Molissa Fenley. Direct Effect. Anwatin Middle School. October 9, 1981.

That said, in acknowledging the range of backgrounds, ideas and styles at New Dance USA (and of course elsewhere across the country), the writers didn’t set out to historicize the present or cover new dance in the U.S. exclusively through a few noticeable trajectories. To provide some critical context to the week of performance, the catalogue was an occasion to revisit the connotation of the term postmodern dance and consider how, as Banes put it, some of the “preoccupations” in choreography have altered over the years.

When I asked Redden about the selection of choreographers, he stated, “maybe now it doesn’t seem quite as obvious but at the time it seemed pretty obvious whom we should invite.”[v] These were both emerging dancers and those who first made names for themselves a decade or two before by shattering the paradigms of dance and were recognized as continuing to radically innovate the field. Many of them still are. Since 1981, a number of New Dance USA choreographers have done so performing their new work throughout the Twin Cities. Some Walker commissions have included:

Kei Takei (24 hours of Light, 1991)

Kei Takei, 24 Hours of Light, Minneapolis Sculpture Garden, June 1, 1991

Trisha Brown (Lateral Pass, 1985; Foray Forêt, 1991; It’s a Draw—For Robert Rauschenberg, 2008)

Trisha Brown Company, Lateral Pass, Hamline University Theater, September 5, 1985
Trisha Brown, It’s a Draw—For Robert Rauschenberg, Walker Art Center. April 17, 2008

Eiko & Koma (Wind, 1993; River, 1996; Offering, 2003; Hunger, 2008)

Eiko & Koma, Wind, Walker Art Center, March 1993

David Gordon (Uncivil Wars: Collaborating with Brecht and Eisler, 2009)

David Gordon Pick Up Performance Co(S.), Uncivil Wars: Moving with Brecht & Eisler. Photo: Paula Court.
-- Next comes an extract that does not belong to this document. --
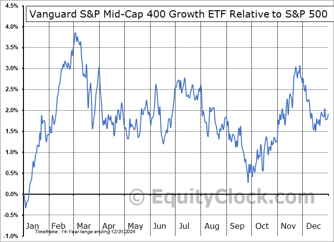 Analysis of the Vanguard S&P Mid-Cap 400 Growth ETF (NYSE:IVOG) seasonal charts above shows that a Buy Date of October 23 and a Sell Date of March 7 has resulted in a geometric average return of 1.42% above the benchmark rate of the S&P 500 Total Return Index over the past 14 years. This seasonal timeframe has shown positive results compared to the benchmark in 11 of those periods. This is a good rate of success and the return strongly outperforms the relative buy-and-hold performance of the stock over the past 14 years by an average of 4% per year.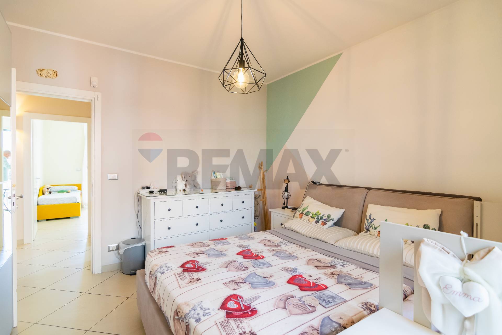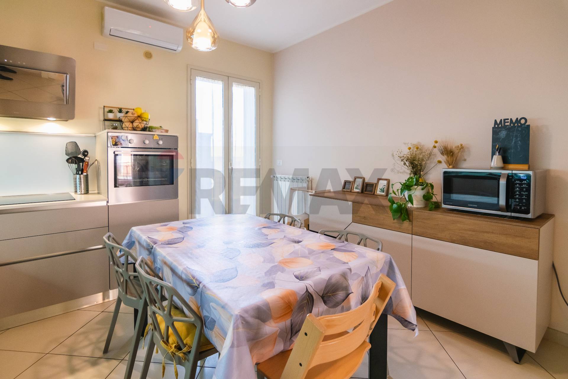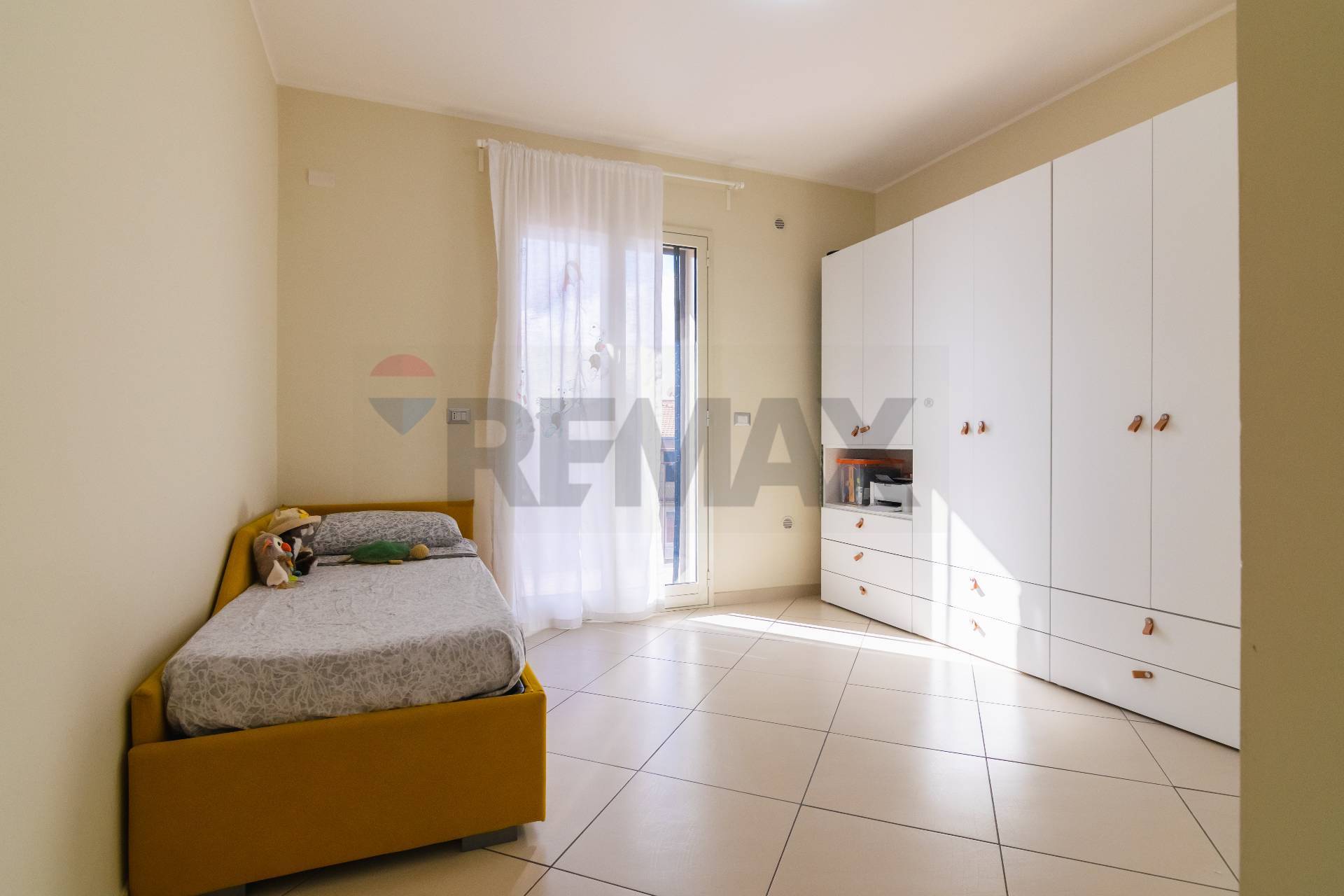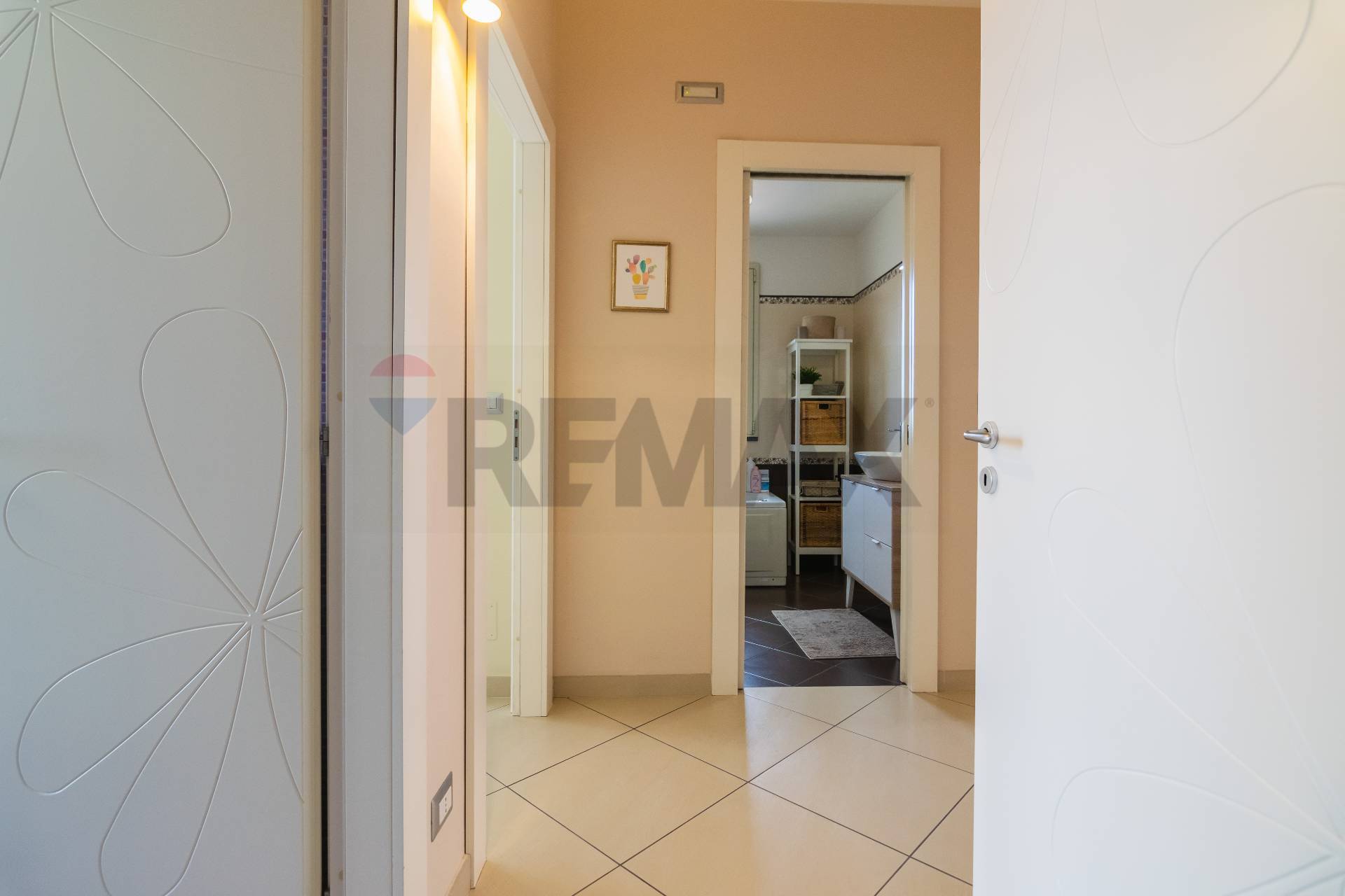 L’appartamento si apre su un luminoso salone con balcone, collegato tramite una porta a scrigno alla comoda cucina abitabile, anch’essa dotata di balcone che assicura una doppia esposizione e un’ottima luminosità.

Bill T. Jones and Arnie Zane (Promised Land, 1990; Perfect Courage, 1990; Still/Here, 1994; The Table Project, 2001; With the Good Lord, 2005, Story/Time, 2012)

Bill T. Jones, Story/Time, Walker Art Center, February 16, 2012

Especially for someone like myself who’s recently experienced works by these artists for the first time, finding this New Dance USA catalogue and festival documentation in the Walker’s archives lent some interesting context to what might be considered new in dance.

What that is? Minneapolis-based choreographer Linda Shapiro, who participated in the 1981 festival, reminds us of the delicacy of that question. In an interview just before the festival she put it well when she said, “it’s like walking down a street where you see all kinds of things happening and you focus yourself. You don’t get frustrated. It doesn’t matter if you see everything. You look for what interests you.  Dance is a use of movement idiosyncracy. You create it by using your own body and mind and experience.”[vi]

Linda Shapiro and dancers. Pulse. Anwatin Middle School, October 10, 1981.

[i] Johnston, 25.

[ii] Banes, Sally. 1980. Terpsichore in sneakers: post-modern dance. Boston: Houghton Mifflin; Robertson, 34; Banes, 14.

[iii] Banes, 20.

[iii] Robertson, 34.

[iv] Banes, 17; In d’Art, October 15, 1981, Caroline Hall Otis describes the choreography of this quintet—composed of Moulton, Barbara Allen, Beatrice Bogorad, Ken DeLap, and Robert Swinston—who tightly danced in unison to live electric piano played onstage with the percussive beat of A. Leroy’s score; Linda Winer, New York Sunday News Magazine, January 10, 1982; Robertson, 34.

[v] Interview with Redden, December 11, 1981.

[vi] Quoted in “New Dance, a step beyond modern, coming to town,” by Mike Steele, The Minneapolis Tribune, September 27, 1981.